Abstract 1259P
Background
Tx options for METex14 NSCLC have been limited to chemotherapy (Ctx), immunotherapy (IO) and multikinase inhibitors (MKi) until the FDA approvals of selective MET inhibitors (METi) from 2020. Timing of NGS testing in relation to systemic first-line Tx (1L) initiation and Tx selection patterns for METex14 NSCLC pts in the real-world prior to those approvals warrants evaluation to guide future practice.
Methods
US electronic health record-derived de-identified Flatiron Health Foundation Medicine clinico-genomic database (FH-FMI CGDB) and COTA NSCLC database were evaluated. Pts were ≥18 years old, diagnosed with advanced/metastatic NSCLC from Jan 1, 2011, with NGS-confirmed METex14, ≥1 line of Tx, and ≥90 days follow-up from 1L initiation to cutoff date (FH-FMI CGDB: Jun 2020; COTA: Dec 2020). We examined NGS timing in relation to 1L initiation and Tx selection as 1L and subsequent therapy. Here we focus on FH-FMI CGDB data.
Results
Among 148 METex14 NSCLC pts identified, median age was 75 years; 85 (57%) were women, 94 (64%) had stage IV NSCLC at diagnosis, and 140 (95%) were treated in a community setting. An NGS report was available before 1L initiation in 56 pts (38%), of whom 38% received Ctx +/- IO (n=21), 27% IO monotherapy (n=15), 27% MKi (n=15). Pts with an NGS report on/after 1L (n=92; 62%) more often received 1L Ctx +/- IO (n=64; 69%), more rarely IO (n=15; 16%) and MKi (n=5; 5%). 42 (47%) did not receive subsequent Tx after the report. Over the last decade, the proportion of pts with the NGS report before starting 1L steadily increased from 8-17% in 2014-2015 to 65% in 2019.
Conclusions
This study describes NGS timing and Tx patterns in US pts with METex14 advanced NSCLC in the last decade, before the approvals of selective METi. Compared with pts with NGS reports prior to starting 1L, more pts with an NGS report on/after 1L initiation started with Ctx, although there is an increasing trend in recent years for NGS testing to occur before starting 1L. Almost half of pts with the report on/after 1L initiation had no documented subsequent Tx, highlighting the importance of testing pts upfront to guide Tx from 1L as new targeted therapies become available.

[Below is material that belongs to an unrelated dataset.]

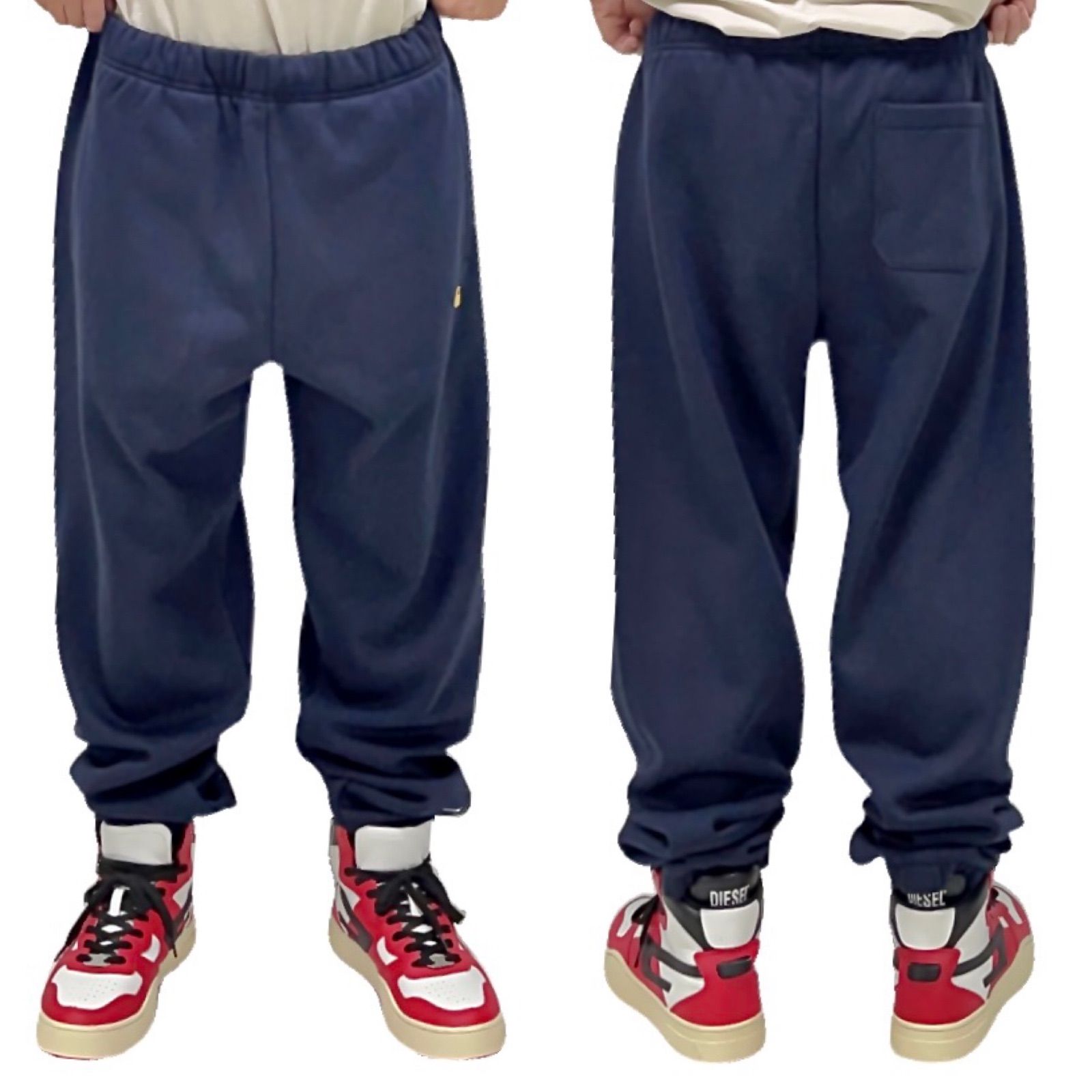 ブランドロゴを左足に刺繍したシンプルなスウェットパンツ、しっかりした厚手の生地で、裏地は起毛でフリースのような穿き心地で快適に穿いて頂けます。

Clinical trial identification
Editorial acknowledgement
Medical editorial assistance was provided by Ana Costa, PhD of Chameleon Communications, London, UK, which was funded by Novartis, East Hanover, NJ, USA.
Legal entity responsible for the study
Novartis.
Funding
Novartis.
Disclosure
X. Le: Financial Interests, Personal, Other, Consulting/advisory: EMD Serono (Merck KGaA); Financial Interests, Personal, Other, Consulting/advisory: AstraZeneca; Financial Interests, Personal, Other, Consulting/advisory: Spectrum Pharmaceutics; Financial Interests, Personal, Other, Consulting/advisory: Eli Lilly; Financial Interests, Personal, Other, Consulting/advisory: Boehringer Ingelheim; Financial Interests, Personal, Other, Consulting/advisory: Bristol Myers Squibb; Financial Interests, Personal, Other, Consulting/advisory: Celgene; Financial Interests, Institutional, Research Grant: Eli Lilly; Financial Interests, Institutional, Research Grant: Boehringer Ingelheim. J. Martinalbo: Financial Interests, Personal, Full or part-time Employment: Novartis; Financial Interests, Personal, Stocks/Shares: Novartis. A. Holynskyj: Financial Interests, Personal, Full or part-time Employment: Novartis. V. Pretre: Financial Interests, Personal, Full or part-time Employment: Novartis; Financial Interests, Personal, Stocks/Shares: Novartis. F. Ye: Financial Interests, Personal, Full or part-time Employment: Novartis; Financial Interests, Personal, Stocks/Shares: Novartis. J. Morrissette: Financial Interests, Personal, Other, Consultant: Novartis; Financial Interests, Personal, Other, Consultant: Bayer; Financial Interests, Personal, Invited Speaker: NCCN; Financial Interests, Personal, Stocks/Shares: ThermoFisher; Non-Financial Interests, Personal, Other, Member, Board of Managers: Goal Consortium. All other authors have declared no conflicts of interest.